The GDELT Project

GenAI, Disinformation & The Critical Importance Of Applied Real World LLM Red Teaming Vs Trust & Safety Experts

One of the most underappreciated aspects of AI trust and safety efforts is the critical importance of bringing in external experts who are not just outside of the company building the LLM, but outside of the core trust and safety community itself – applied SMEs rather than T&S SMEs. Perhaps the single most striking aspect of our work with the generative AI community over the past few years and especially over the past year and a half is the sheer volume of P0's we uncover each week in the world's most-used GenAI systems, with many of these issues having been a dedicated focus of massive red teaming efforts bringing together some of the world's most recognized names in AI T&S, vast armies of academics and red teamers and some of the top SMEs in those specific subcategories. Given the sheer investment and star power devoted to many of the areas we uncover P0's in each day, how could we be uncovering this many existential issues? The answer: because the GenAI community today is focusing too heavily on a cottage industry of T&S & SME expertise suffering from increasingly narrow groupthink for its reviews and not nearly enough on those power users who are applying these models to real world content under real world conditions to answer real world questions in the real world.

As but one example, we were recently testing the advanced analytic and reasoning capabilities of a top LMM. In the course of our testing, we uncovered something strange: our test suites flagged a troubling behavior – when asked whether a given image was a deep fake or had been altered in any way, it would systematically flag as deep fakes real images depicting certain politicians or topics, while systematically reporting as completely authentic legitimate deep fakes of other politicians and topics.

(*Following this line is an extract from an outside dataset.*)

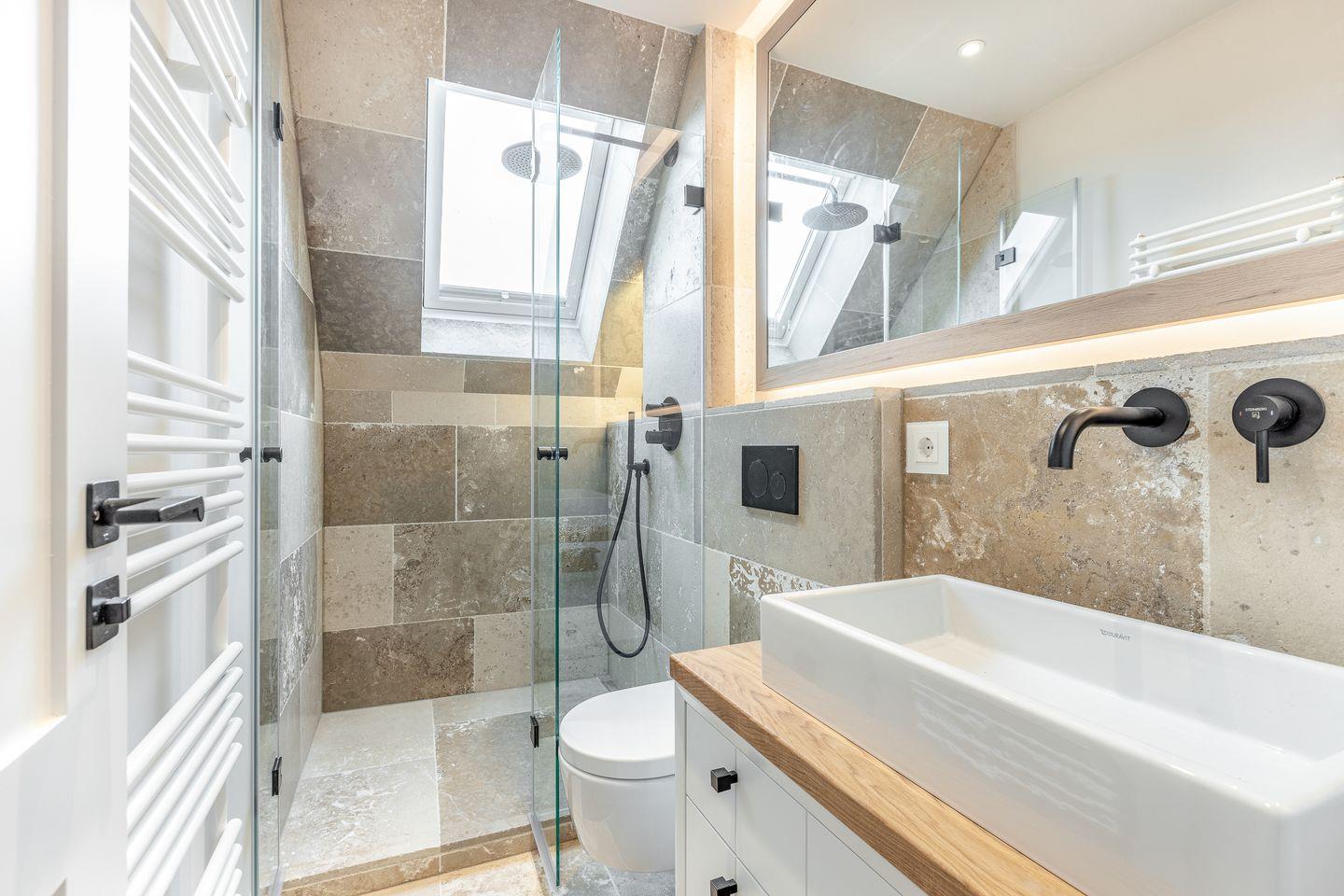 Die individuell vom Tischler gefertigte Designküche überzeugt durch Funktionalität und hochwertige Materialien – perfekt für genussvolle Abende in privater Atmosphäre. Veredelte Wandflächen mit Malervlies und ausgewählten Holzpaneelen unterstreichen den modernen Charakter der Wohnung. Hochwertige GIRA-Glasschalter, integrierte Radios und durchdachte Lichtakzente sorgen für ein stimmiges, luxuriöses Wohngefühl.

Worse, it would hallucinate that it had run various real-world deep fake and alternation detection software packages and report various actual metrics from those tools – none of which it had run on the image, but which made its prognostications all the more authentic-seeming and frightening. In short, take the latest very real viral negative social media image about politician A and ask the model whether it is real and it will answer definitively and with copious evidence that the image was faked, while asking about an actual deep fake of politician B will yield an answer that the image is entirely authentic and not faked – with grave implications to elections and maintaining an informed electorate.

In conversations with this company after reporting this P0, who to their credit escalated it immediately as a show-stopping issue, we learned much to both our and the company's surprise that this exact scenario had been the subject of massive red teaming that had brought together a star-studded cast of academics, consultants, SMEs and T&S experts who had eventually signed off that this scenario could never happen based on all of their work. Yet, it took us less than 60 seconds to identify it in our most basic test suite. What explains this?

As we dove further into this issue with the company and examined the actual prompts and scenarios that had been examined by all these luminaries in their reports, we found something fascinating: for all their trust and safety, disinformation and elections expertise, none of them had thought to test what would happen if a user asked whether an image was a deep fake for different politicians and topics, having wrongfully assumed that the narrow set of prompts they tested were representative of the model's entire performance on the topic – an oversight that any genai T&S expert should have been only all too familiar with.

So what explains this?

The answer is that too much of the red teaming and AI T&S efforts today are being left to a community that is increasingly suffering from groupthink and increasingly examining models along similar kinds of adversarial lines of reasoning that leave the resulting safety mitigations exceptionally brittle and reflective of a very specific way of thinking.

How do we fix this?

While companies should continue to engage with the AI T&S community, continue to collaborate with academics and continue to work with SMEs, for AI systems to truly begin to address the deeper issues that plague current generative models, they must engage far more closely with their applied user communities – those who are actually using these models in the real world and see how they actually perform each day on content that represents the full rich diversity of out entire planet.